── DATASET EXCERPT
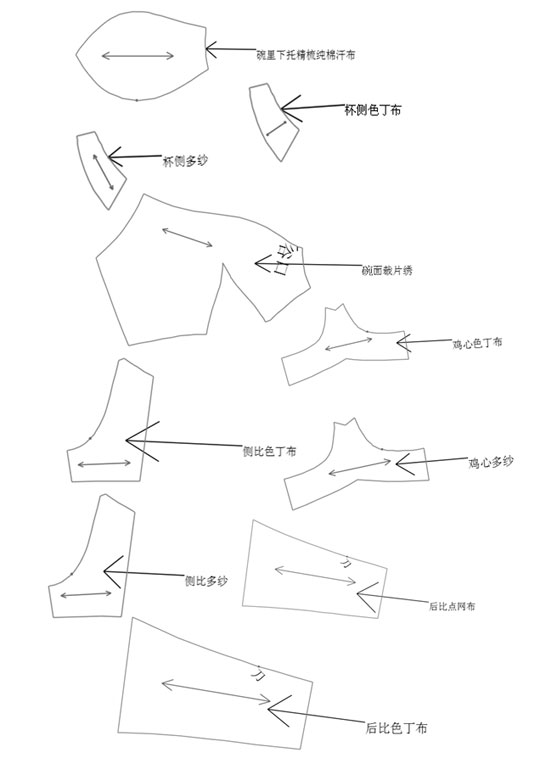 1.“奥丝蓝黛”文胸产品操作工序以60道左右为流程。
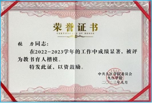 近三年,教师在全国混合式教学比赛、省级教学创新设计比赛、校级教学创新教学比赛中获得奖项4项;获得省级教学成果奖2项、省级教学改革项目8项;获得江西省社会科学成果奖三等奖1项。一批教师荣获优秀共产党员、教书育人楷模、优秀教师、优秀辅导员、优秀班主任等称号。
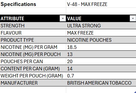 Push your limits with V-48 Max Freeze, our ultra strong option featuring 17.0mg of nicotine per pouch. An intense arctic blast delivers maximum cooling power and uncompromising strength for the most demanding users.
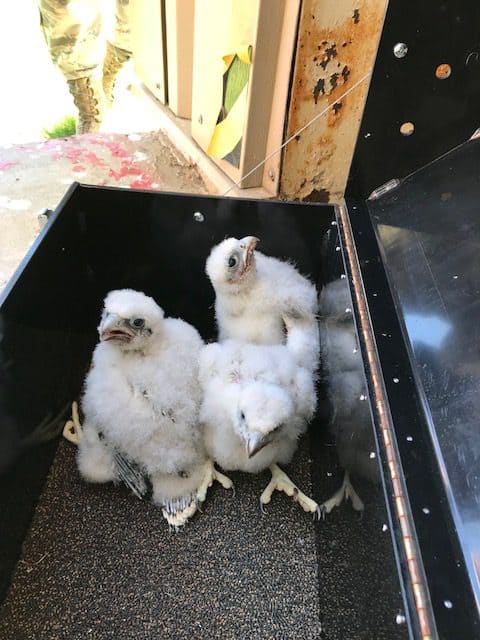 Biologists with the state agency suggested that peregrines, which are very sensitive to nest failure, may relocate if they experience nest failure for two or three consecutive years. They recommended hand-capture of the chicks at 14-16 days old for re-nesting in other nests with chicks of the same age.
────
Give the listing again word for word. Skip every image.

 1.“奥丝蓝黛”文胸产品操作工序以60道左右为流程。
 近三年,教师在全国混合式教学比赛、省级教学创新设计比赛、校级教学创新教学比赛中获得奖项4项;获得省级教学成果奖2项、省级教学改革项目8项;获得江西省社会科学成果奖三等奖1项。一批教师荣获优秀共产党员、教书育人楷模、优秀教师、优秀辅导员、优秀班主任等称号。
 Push your limits with V-48 Max Freeze, our ultra strong option featuring 17.0mg of nicotine per pouch. An intense arctic blast delivers maximum cooling power and uncompromising strength for the most demanding users.
 Biologists with the state agency suggested that peregrines, which are very sensitive to nest failure, may relocate if they experience nest failure for two or three consecutive years. They recommended hand-capture of the chicks at 14-16 days old for re-nesting in other nests with chicks of the same age.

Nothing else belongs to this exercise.